Maybe we should reconsider raking our leaves

I recently learned a fascinating fact about leaf raking that should be painfully obvious to a forest ecologist- it’s bad for trees! Every spring, deciduous trees produce leaves that they use throughout the growing season for photosynthesis and sugar production.  Plants concentrate essential nutrients such as nitrogen, potassium, calcium and magnesium in their leaves, as these nutrients are all required in relatively high amounts to perform photosynthesis.

As winter approaches and the growing season ends, trees withdraw many of the proteins and nutrients they have stockpiled in leaves back into their woody tissue, so that these nutrients can be recycled to make new leaves the following year. However, most trees are able to do even better than this- after their leaves have fallen, the nutrients that couldn’t be recaptured in time are decomposed into the surface soil surrounding the tree, and will be available for uptake through the roots several years later. This regular flux of plant essential nutrients back to the soil through leaf litter means that plants depend on those same nutrients, year after year, to grow new leaves.

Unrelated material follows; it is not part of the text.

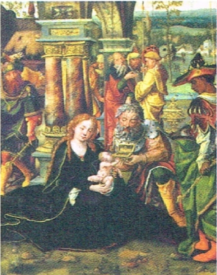 Lodsedlens billede hedder 'Adoración de los Reyes Mayos' – De hellige tre konger beundres – malet af Pieter Coecke i det 16. århundrede. Billedet hænger i Prado Museet i Madrid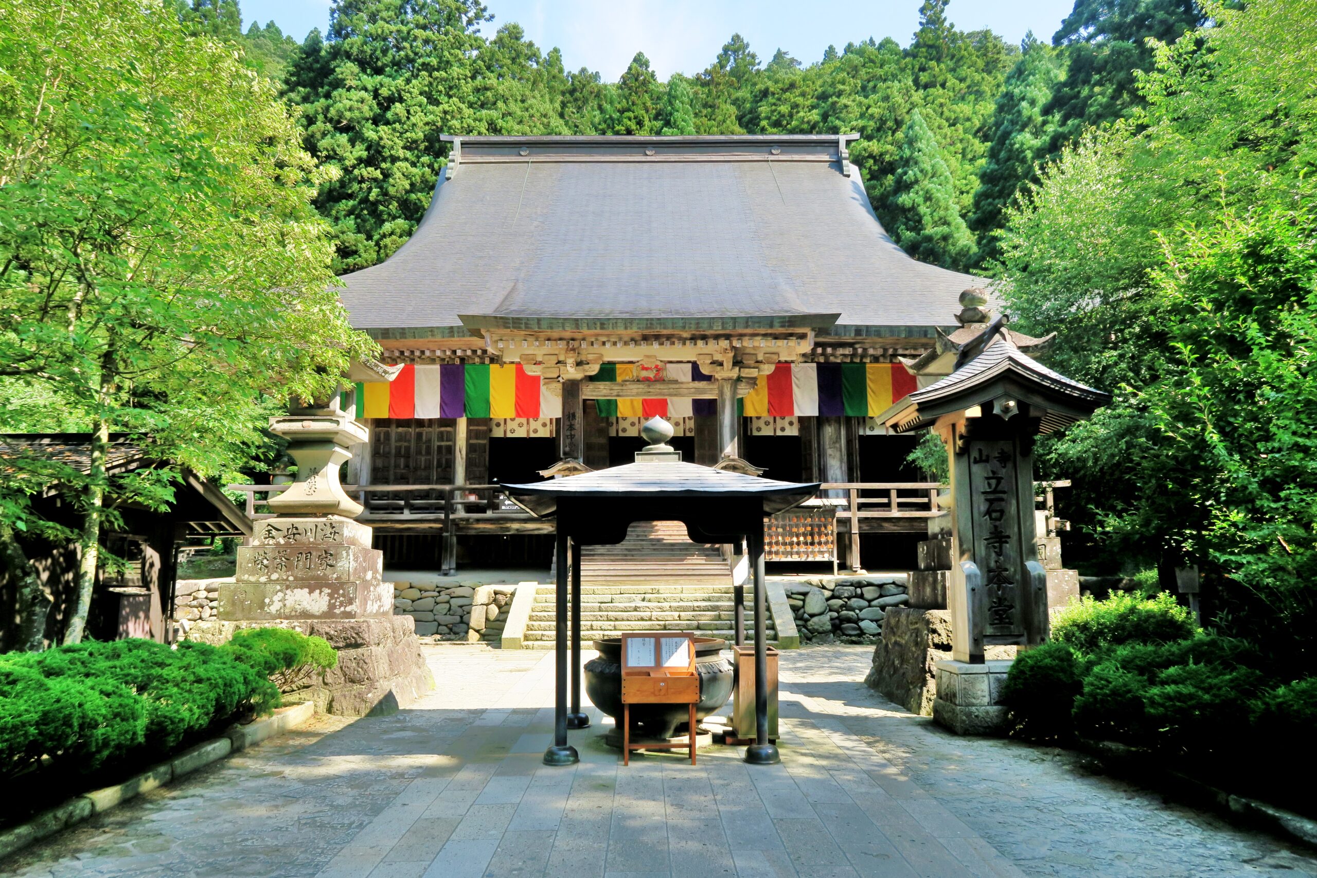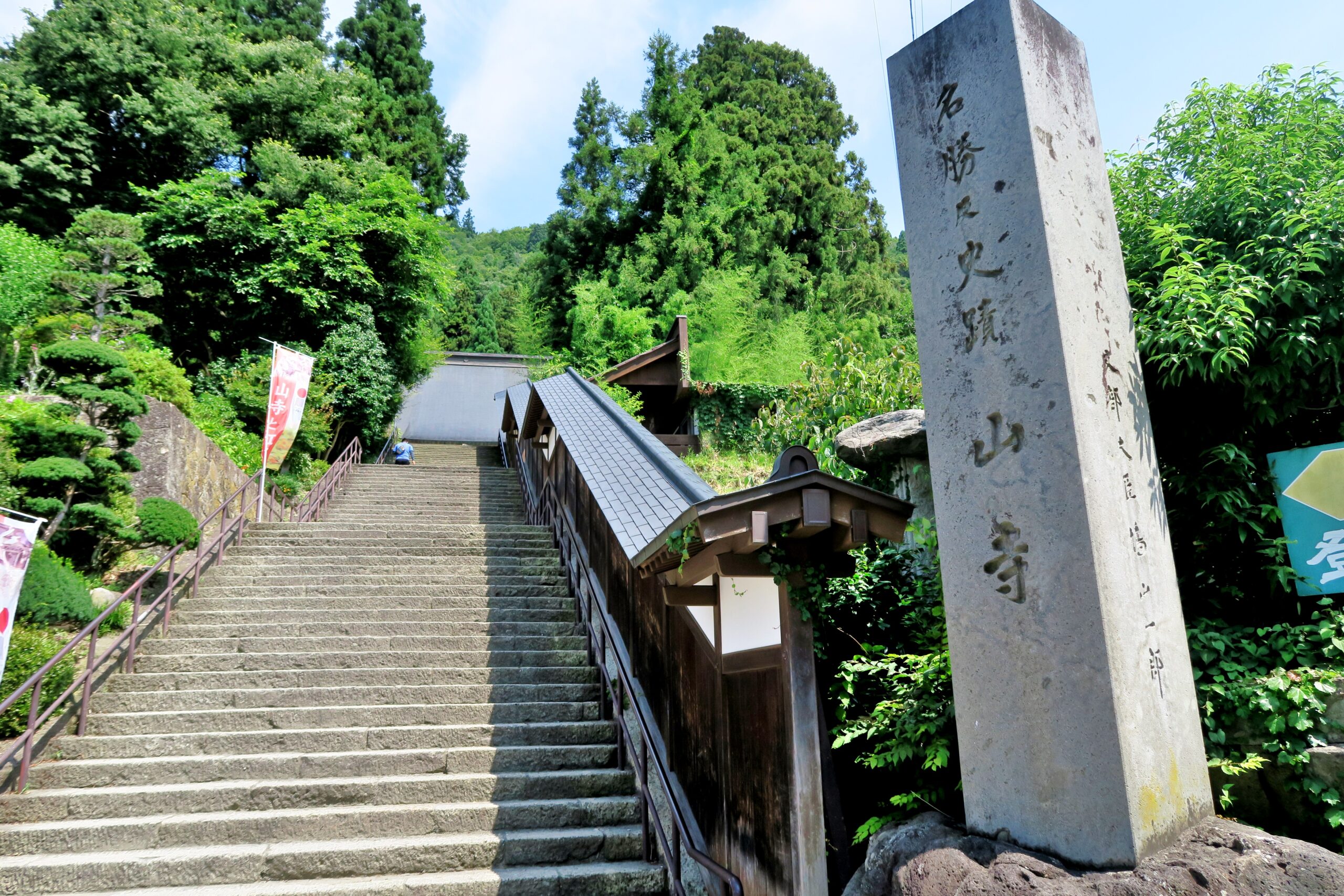 東北の霊場、通称「山寺」と言われますが、正式には「宝珠山立石寺」と言い、平安時代の初め貞観2年(860)第三世天台座主慈覚大師円仁によって比叡山延暦寺の別院として開山された天台宗のお寺です。急峻な山腹に沿って堂塔が建てられ、登山口から山頂の奥之院までは1015段の石段が続く静寂に包まれた参道が続きます。延暦寺に残る開山文書に円仁の名があり、砂金千両と麻布三千反でこの辺の土地を買ったという記述があります。当時と比べれば規模が小さくなったとはいえ、現在も33万坪のもの境内地を持ち、その中に大小30余りの堂塔が残されています。

In fact, if you look at the typical architecture of a deciduous tree, it is no accident that probably appears like two umbrellas attached together at their handles. The top umbrella is the above ground parts of a tree from the base of the trunk to its canopy. The bottom umbrella is inverted and planted into the ground. It is composed of a main taproot that drives straight down into the earth, and lateral roots that branch out horizontally. Of these lateral roots are branching networks of finer and finer “root hairs” and associated fungi that are able, through their enormous surface area, to mine the soil underneath a tree for nutrients. Everything that is dropped from the top umbrella should theoretically be recoverable by this root system.

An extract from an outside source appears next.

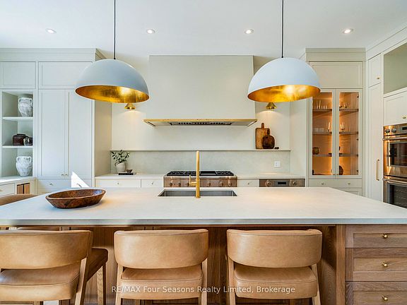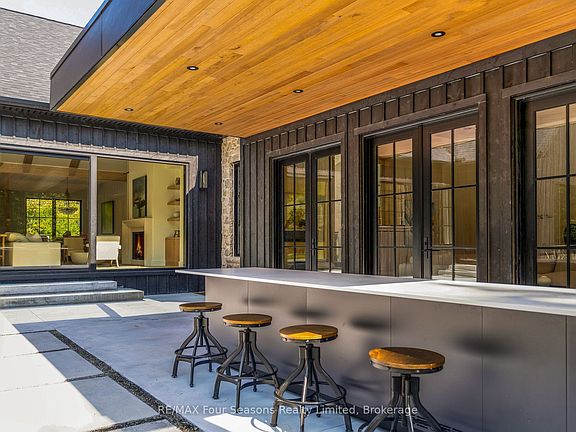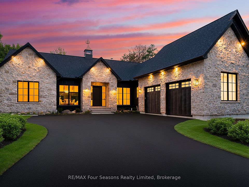LUXURY DESIGN BUILD NEAR CRAIGLEITH AND ALPINE: This custom-built masterpiece by Coastal Impressions blends timeless European architecture with modern luxury, offering 5,589 finished sq ft (3,546 AG + 2,043 BG) on a beautifully landscaped 80 x 192 lot. The exterior showcases board and batten with hand-laid stonework reminiscent of old-world craftsmanship, while the interior features engineered white oak flooring, soaring 10' and 12' ceilings with vaulted areas up to 18', and graceful barreled archways. The gourmet kitchen, open to a warm family room with a large gas fireplace and a separate dining area, is highlighted by a custom white oak island with quartz countertops, bar seating, and top-tier Thermador Professional appliances, including a 7-burner gas stove, dual wall ovens, refrigerator and freezer towers, dishwasher, and speed oven/microwave. Two 30" Franke sinks and a hidden cupboard door leading to a back hallway with pantry and office add both charm and function. Beyond a small bar area, double white oak doors open to the dramatic après-ski lounge featuring a stunning custom stone wall, a wood-burning Rumford fireplace, and three sets of double doors leading to the outdoor living space. The main floor offers three bedrooms, each with ensuite, plus a powder room. The main-level primary suite is a true retreat with vaulted ceilings, a spa-like ensuite, and a large walk-in closet. The lower level is designed for leisure with a large built-in bar and island, gym with rubber flooring, a spacious gas fireplace, two bedrooms, and a four-piece bath. Outdoor living shines with 1,000 sq ft of space, including a custom kitchen with built-in BBQ, surrounded by 36 trees and eight perennial gardens. Additional features include heated floors in the primary ensuite and lower bath, a 22kW Generac generator, and a two-car garage. Walkable to Craigleith and Alpine ski lifts, this home defines refined four-season living in The Blue Mountains.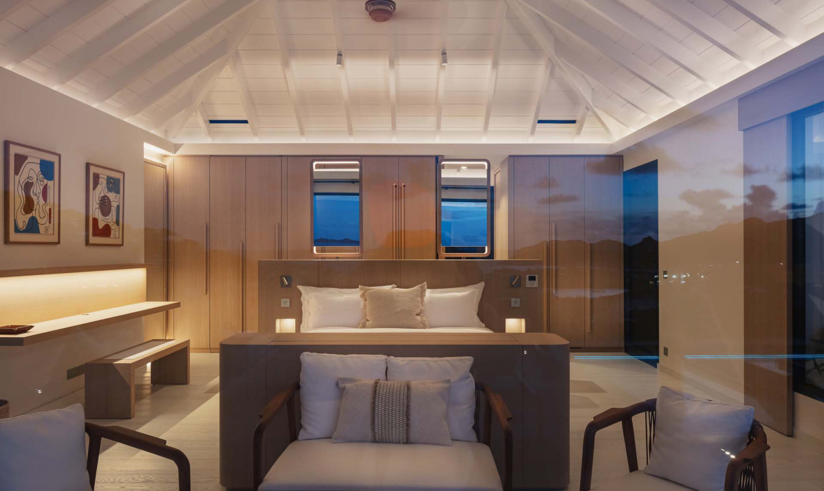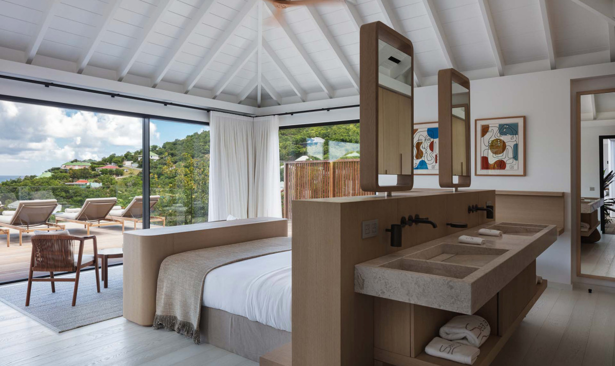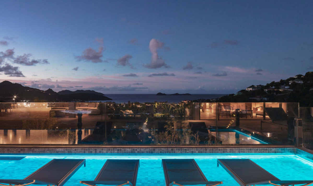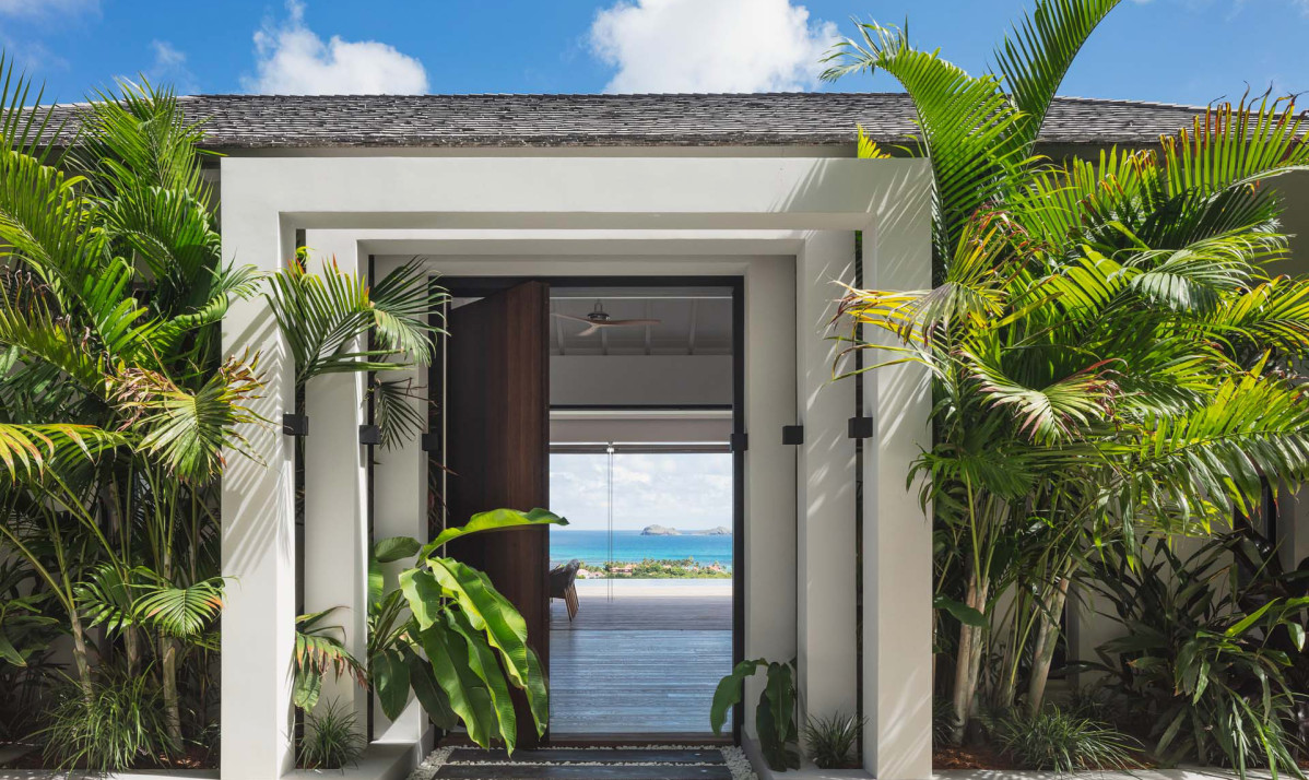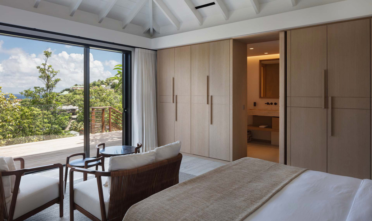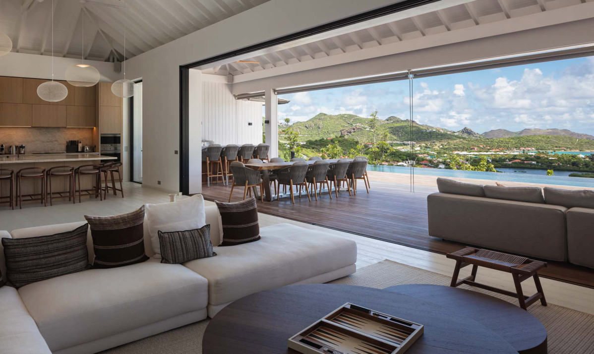 The exterior of the property perfectly captures the essence of island living, with its sleek, modern architecture complemented by natural surroundings. The villa’s expansive terrace offers multiple lounging and dining areas, making it ideal for enjoying the breathtaking views of Saint Jean Bay. The inviting infinity pool seems to merge seamlessly with the horizon, while the lush tropical gardens add to the sense of tranquility. Designed to maximize outdoor living, the villa allows guests to relax and soak in the beauty of Saint Barts in style and comfort.

I’d imagine most of you can already see where this is going, but I find that sometimes simple truths are quite elusive. When we rake our leaves in the fall to maintain our clean, grassy lawns, we are removing loads of nutrients that our trees are expecting to get back! We are creating an artificially open, leaky system, that trees have spent millions of evolutionary years refining. A recent paper in a relatively esoteric research journal, “Nutrient Cycling in Agroecosystems” (who reads that??) attempted to quantify the impact of historic leaf raking on old agricultural towns in central Europe. The fascinating bit of historical information in this paper is that centuries ago, medieval farmers actually knew that leaves were a great nutrient source- farmers removed leaves from nearby forests specifically to use as fertilizer on their fields. This paper claims that the result of historic leaf raking is that the “majority of central European forests were severely depleted of nutrients…when modern long-term rotation forestry became the dominant form of forest land use”.

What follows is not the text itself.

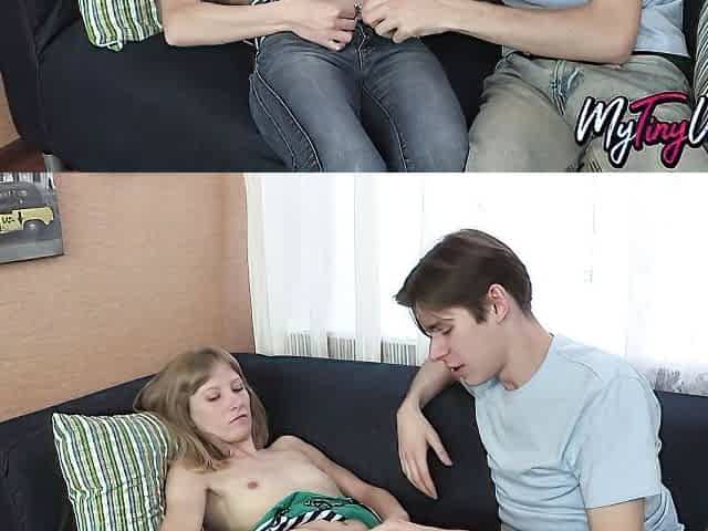 Long legged tall teen babe Alice Klay spreads her legs for a fuck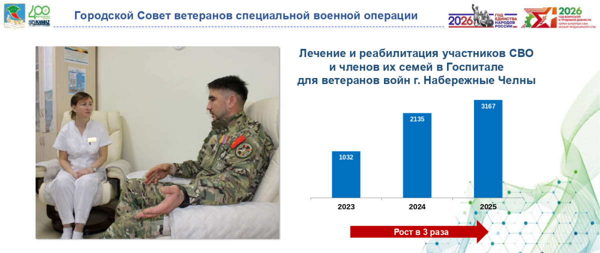 По его словам, нагрузка на медицинские учреждения растет: в 2025 году в Госпиталь для ветеранов войн обратилось более 3 тысяч участников СВО и членов их семей, что в 1,5 раза превышает показатели 2024 года. Рост с 2023 года составил трехкратное увеличение. По прогнозам, после окончания спецоперации число граждан, нуждающихся в медицинской и психологической поддержке, может превысить 74 тысячи человек.

So next fall, when you’re pulling out your rakes or enlisting your kids to do so for a few dollars, think carefully about your trees. In all likelihood, the average patch of suburban lawn is already so nutrient depauperate from numerous land use changes (deforestation, asphalt paving, over-fertilization, the cultivation of a monoculture of non-native grasses, to name a few) that removing a few leaves isn’t going to make a big difference. But if I’ve learned anything from Malcom Gladwell, it’s that little changes that add up to produce big effects, and if medieval Europeans were knowingly removing nutrients from their forests, I figured modern suburbanites should at least be aware.